Instructions to follow: With the pictures omitted, print exactly the lines below, from the one containing "The nature of" through the one containing "Rozkładany stół do", and nothing else.

Data:

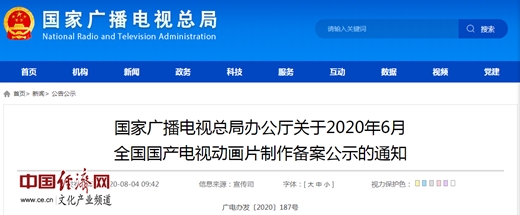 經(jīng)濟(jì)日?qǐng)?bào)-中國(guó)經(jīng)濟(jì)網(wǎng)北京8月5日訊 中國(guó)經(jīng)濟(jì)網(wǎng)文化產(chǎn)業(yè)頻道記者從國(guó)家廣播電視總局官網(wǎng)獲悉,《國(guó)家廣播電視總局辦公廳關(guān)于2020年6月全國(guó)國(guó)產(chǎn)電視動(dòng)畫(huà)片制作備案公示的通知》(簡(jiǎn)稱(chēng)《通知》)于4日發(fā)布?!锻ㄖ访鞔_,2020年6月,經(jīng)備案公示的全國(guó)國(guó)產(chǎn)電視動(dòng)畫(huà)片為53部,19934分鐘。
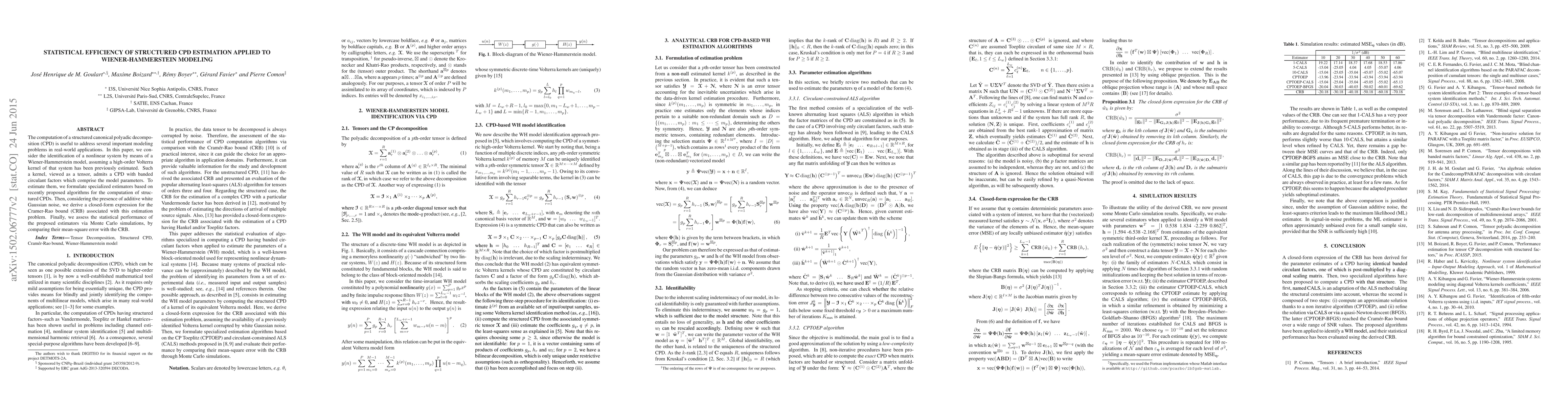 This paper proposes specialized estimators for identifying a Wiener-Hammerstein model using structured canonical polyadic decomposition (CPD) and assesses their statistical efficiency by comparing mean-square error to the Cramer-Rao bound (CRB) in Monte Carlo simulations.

---

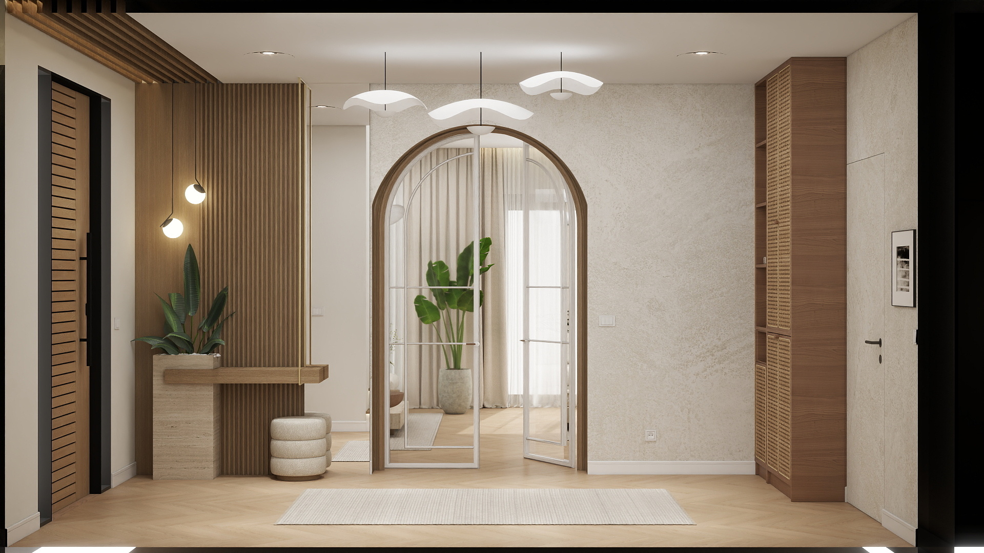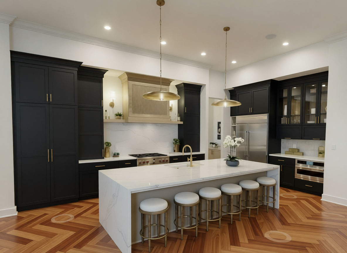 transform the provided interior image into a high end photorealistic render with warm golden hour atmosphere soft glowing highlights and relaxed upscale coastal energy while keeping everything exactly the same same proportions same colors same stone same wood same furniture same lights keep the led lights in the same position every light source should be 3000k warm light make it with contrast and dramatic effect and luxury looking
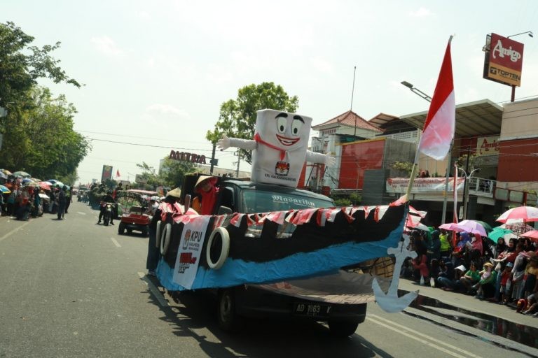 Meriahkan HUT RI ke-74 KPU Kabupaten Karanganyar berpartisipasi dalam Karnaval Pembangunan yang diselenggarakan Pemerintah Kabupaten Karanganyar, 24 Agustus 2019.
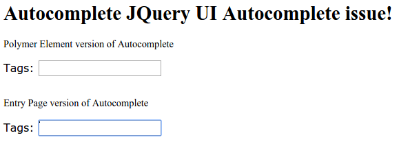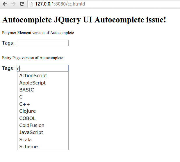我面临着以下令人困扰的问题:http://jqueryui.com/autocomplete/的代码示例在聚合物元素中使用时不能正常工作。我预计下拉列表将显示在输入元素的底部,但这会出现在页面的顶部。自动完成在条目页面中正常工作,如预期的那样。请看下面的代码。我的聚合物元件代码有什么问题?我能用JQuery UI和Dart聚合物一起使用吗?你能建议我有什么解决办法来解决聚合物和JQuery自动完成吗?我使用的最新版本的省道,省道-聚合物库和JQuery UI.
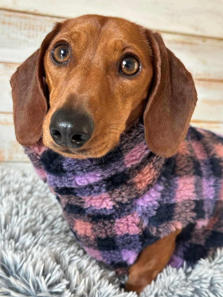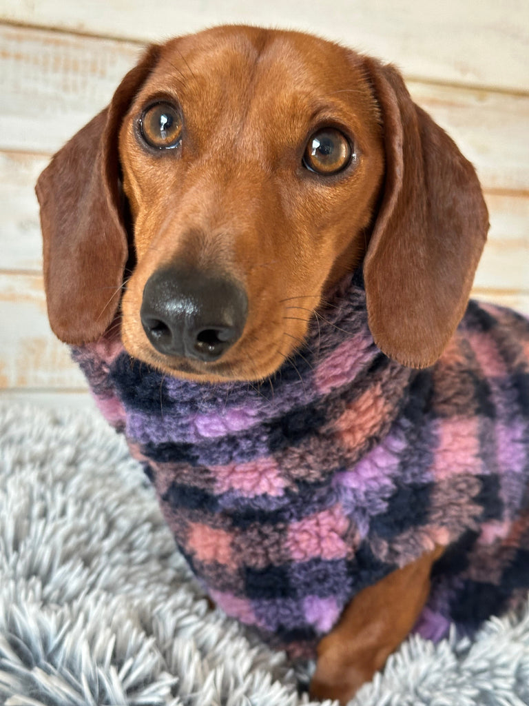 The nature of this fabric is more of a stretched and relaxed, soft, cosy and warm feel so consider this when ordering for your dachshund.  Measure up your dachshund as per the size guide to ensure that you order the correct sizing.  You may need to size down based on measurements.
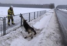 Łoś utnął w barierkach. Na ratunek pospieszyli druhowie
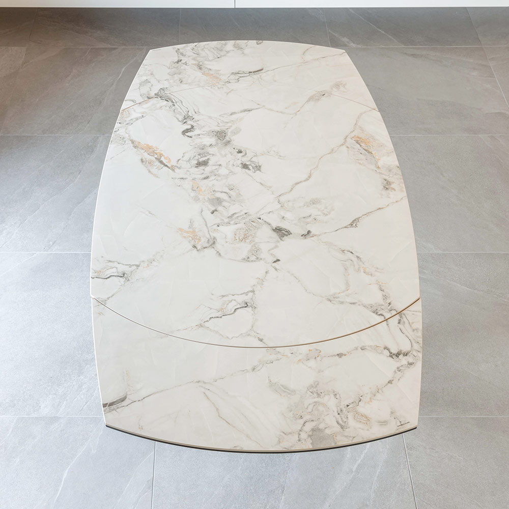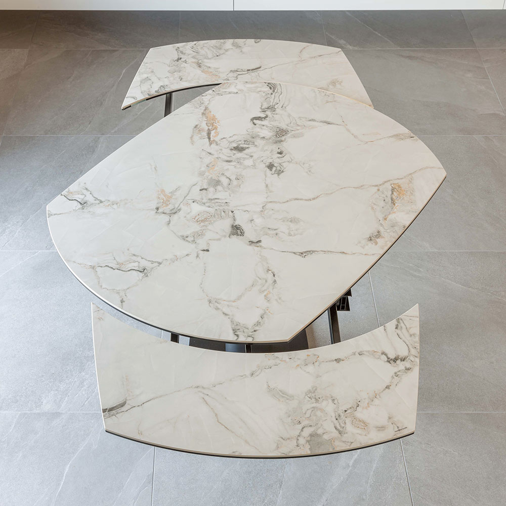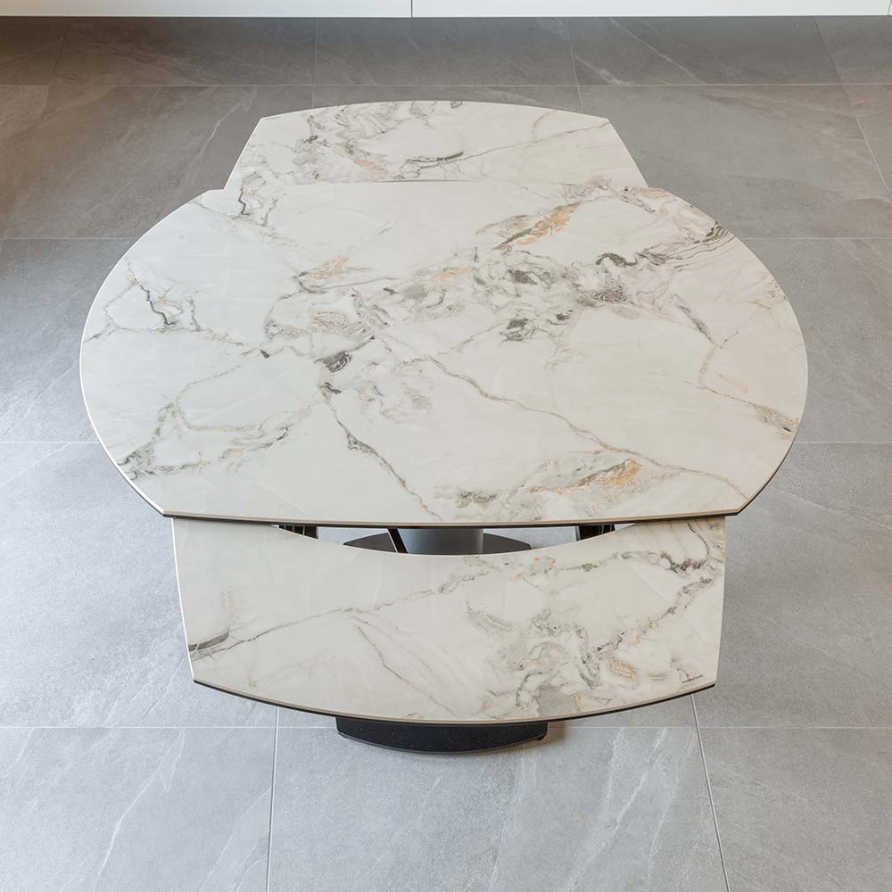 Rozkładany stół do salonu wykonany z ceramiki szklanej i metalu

* * *

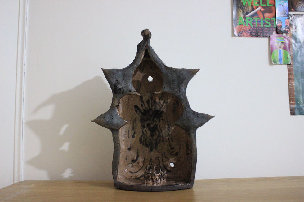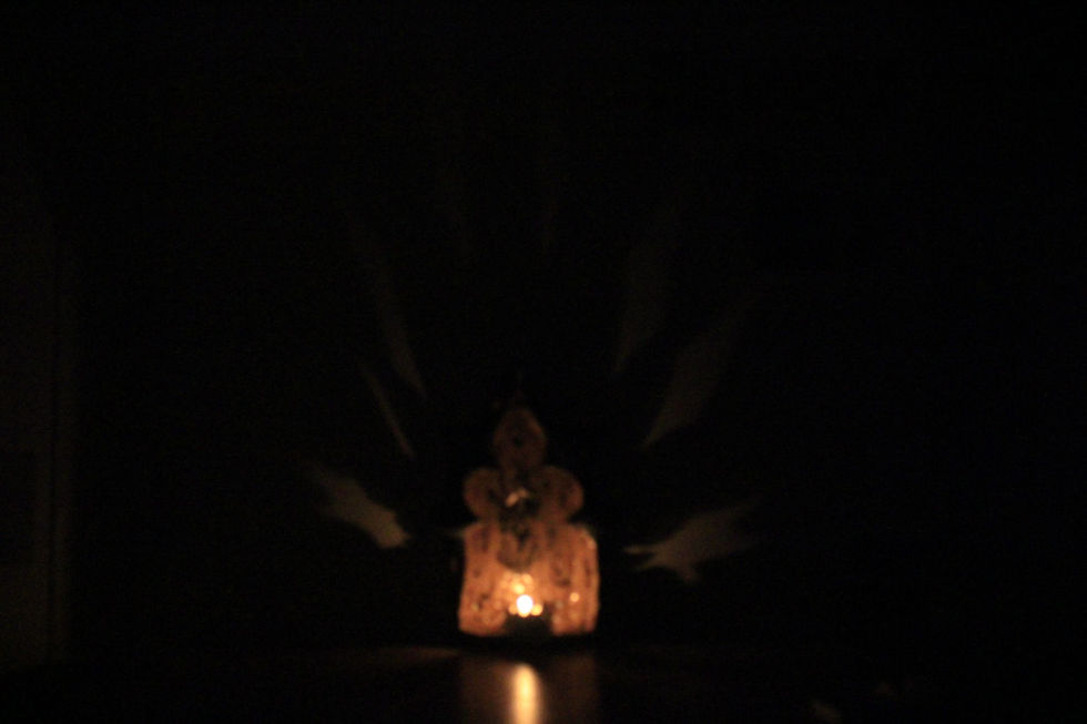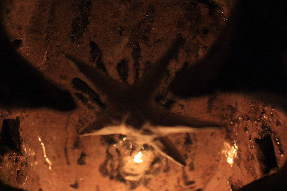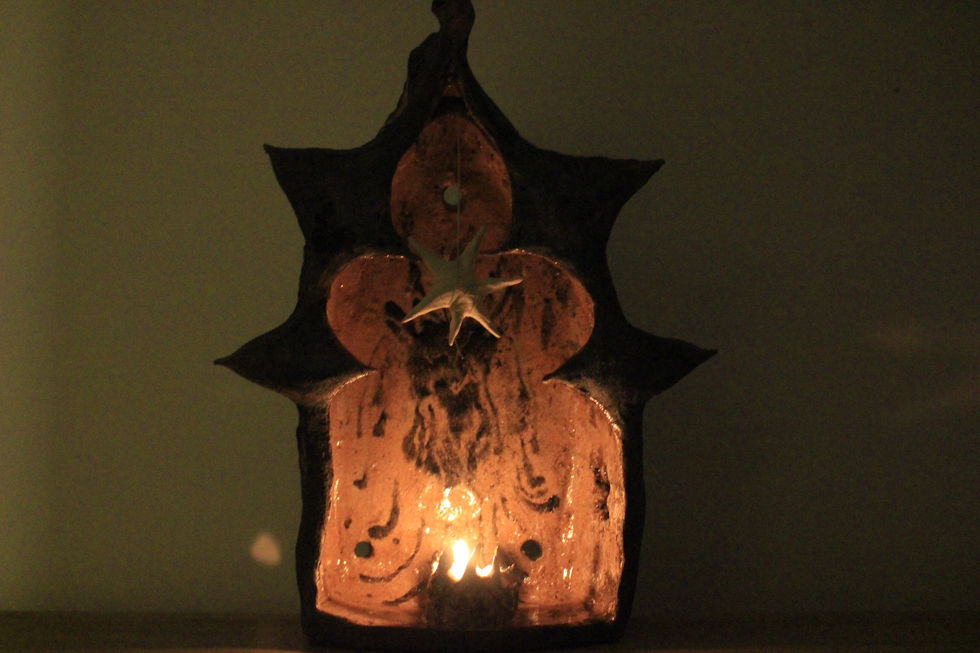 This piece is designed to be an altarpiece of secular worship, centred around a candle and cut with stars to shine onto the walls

Result:
 The nature of this fabric is more of a stretched and relaxed, soft, cosy and warm feel so consider this when ordering for your dachshund.  Measure up your dachshund as per the size guide to ensure that you order the correct sizing.  You may need to size down based on measurements.
 Łoś utnął w barierkach. Na ratunek pospieszyli druhowie
 Rozkładany stół do salonu wykonany z ceramiki szklanej i metalu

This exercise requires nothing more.